SquireSCA
Silver Member
On a pro-Android site, you're likely to get a lot of reasons... here are mine.
Apple uses their own proprietary version of Torx screws on their products to prevent consumers from getting into their devices. This means you can't replace the battery on your own; nor can you replace the micro SD cards to increase your capacity (partly so Apple can create the illusion of a tiered pricing structure). You can buy these custom screwdrivers online, but you can bet Apple isn't happy about it.
Apple is one of the most litigious tech companies; in all fairness, they have done a great deal to spearhead existing tech to better fit consumer needs (especially on the tablet front), though I wouldn't go so far as to say all their patents are "innovative". Both Google and Apple (heck, ALL large companies) have ignored patents to further their business, though both Fandroids and Mactards refuse to admit it.

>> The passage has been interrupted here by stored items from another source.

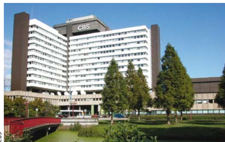
Het CBS-gebouw in Voorburg

voor een serie andere variabelen, zoals aantal auteurs, aantal publicaties van de auteurs, land van herkomst, discipline, etc. De studie bevestigt het vermoeden van de voorstanders: OA artikelen worden tweemaal zo vaak geciteerd als niet-OA artikelen. Voor wetenschappers lijkt het dus verstandig te publiceren op basis van Open Access.
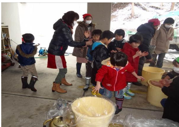
2月11日 児童館にて 寒の味噌作りの指導をしました
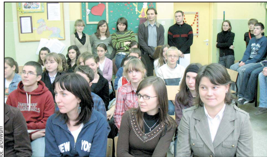
Już za chwilę ogłoszenie wyników...
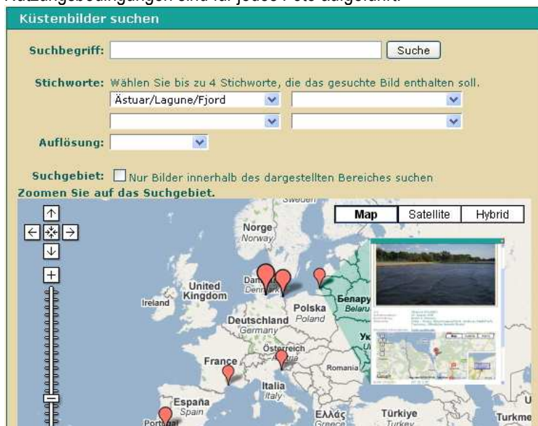
Abbildung: Beispiel für ein Suchanfragefenster mit verkleinertem Ergebnisbild

Küstenbilder aus der ganzen Welt und zu den verschiedensten Themen werden von angemeldeten Benutzern in eine Online-Datenbank eingestellt. Die Fotos werden vom Einstellenden selbst verschlagwortet und mit Hilfe eines Google-Maps-Elements direkt dem konkreten Ort in der Weltkarte zugeordnet. Die Aufnahmen stehen jedem für die nicht-kommerzielle Nutzung zur Verfügung. Die jeweils gültigen Nutzungsbedingungen sind für jedes Foto aufgeführt.
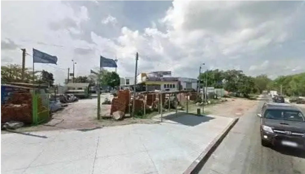
Fabrica de pastas los paraisos street view y 360
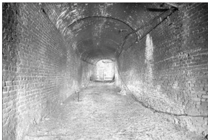
Hermann-Göring Stollen in Kamsdorf

Erst Ende 1944 wurden in die, zu diesem Zeitpunkt fertiggestellten unterirdischen Räumen Produktionsmaschinen angeliefert und aufgestellt. Fertiggestellt war auch der erste Bauabschnitt vom Hermann-Göring Stollen, betreffend den Bereich vom Mundloch in die Reviere Ernstschacht und Ersatzschacht.
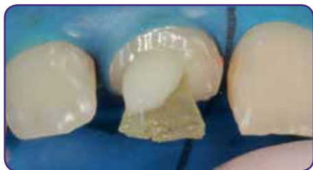
Wurzelstift einsetzen und anhärten
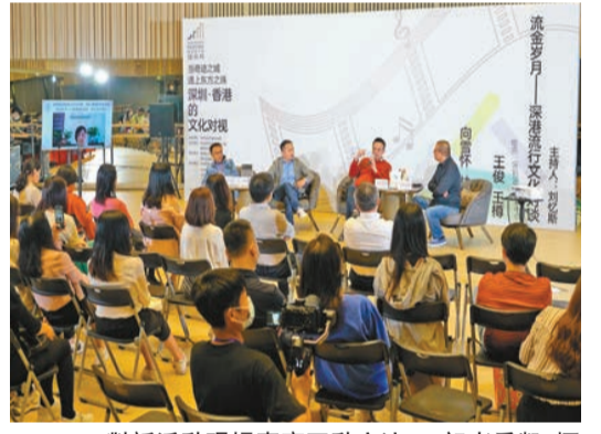
對話活動現場嘉賓互动交流。
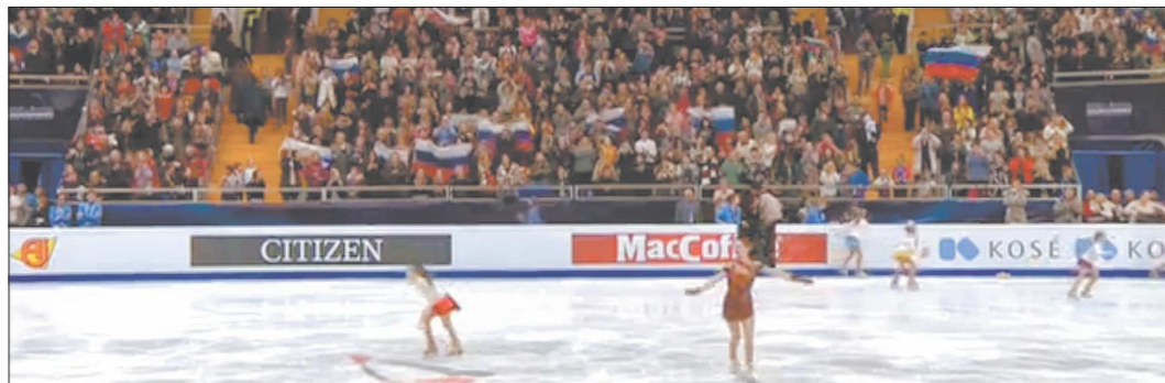
Мы не помним других соревнований, где было бы столько российских флагов, как на последних соревнованиях перед нейтральной для нас Олимпиадой
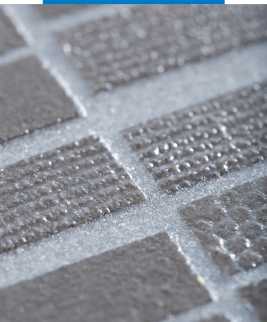
Kerapoxy Easy Design 700 mit Mapecolor Metallic shining Verfugung
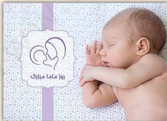
M - 110
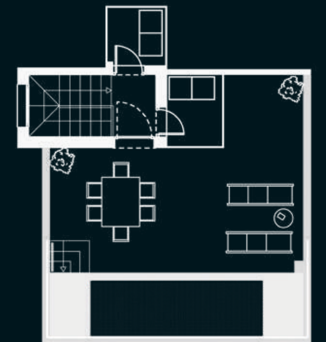
PLANTA SOLÁRIUM / PISCINA
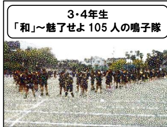
3・4年生 「和」~魅了せよ105人の鳴子隊
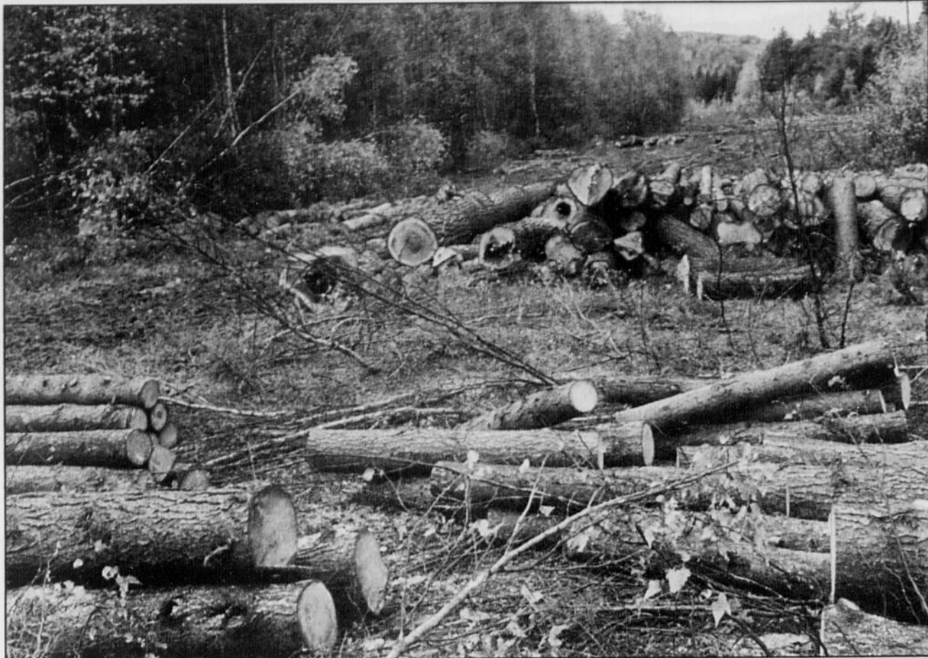
En cinq ans, le Québec a vu disparaître de 5 à 13,8 pour cent (selon les régions) de sa forêt privée.

L'exploitant, bien que reconnu coupable d'avoir effectué une coupe de plus de 40 % dans une érablière, une infraction à l'art. 27 de la Loi, ne se vit imposer aucune amende hors l'obligation de clôture. La propriété fut reven-

Unlike Microsoft, Apple isn't suing Android manufacturers to get licensing money... they're suing to prevent other companies from selling competing devices. More than words, this anti-competitive behavior shows how bitter and afraid they are of Android's growth, despite their bragging about how iOS is a superior platform.
Particularly disgusting, considering how Apple used to be the underdog, and has now become the litigious behemoth they used to stand against.
One more reason: Google has been coaxing its partners into unlocking their phones for custom firmware development, and many have agreed. By contrast, Apple threatens to sue jailbreakers to the fullest extent of the law.
I think Apple's staff is 50% engineers, 50% lawyers.
One of the things that I hate about Apple is that for all of their whining about how Microsoft would bully the competition out of the market or sue them into oblivion, Apple has taken up doing the exact same thing.
I also don't like how they tell their customers what they want in features, not let the market tell them. An example is MMS texts. For two years, every smartphone or even cheap flip-phone could snap a pic and send it to a friend's phone via text.
Not Apple. The "most powerful smartphone on the planet" could not do that simple task, because Apple felt that "email was the superior method". Even though their customers clamoured for it and it was pretty much an industry standard for 2 years. Sending via email is fine if the other person is sitting at their PC or has a smartphone with email, but so many people didn't. So if I took a quick pic of something on my bike and wanted send the pic to my mechanic's phone to ask him if I had it installed right, I couldn't do that.
Lots of little things like that, where they intentionally hold back basic features that people want and other companies offer, all so that they can sell you an app or release it next year as an upgrade, thus allowing you to do the things that the stupid phone should have done out of the box from day 1.
I also don't like the smug attitude of Apple fans and their TV commercials... The "if you don't have an iPhone, well, you don't have an iPhone"... It actually irritates me and has me saying to the TV screen, "No, I don't have an iPhone, so I can complete my calls. I don't need a magnifying glass to watch a movie on a postage stame sized screen. I can do what I want with my phone, change the battery, add more memory, have features added without having to ask Steve Jobs for permission."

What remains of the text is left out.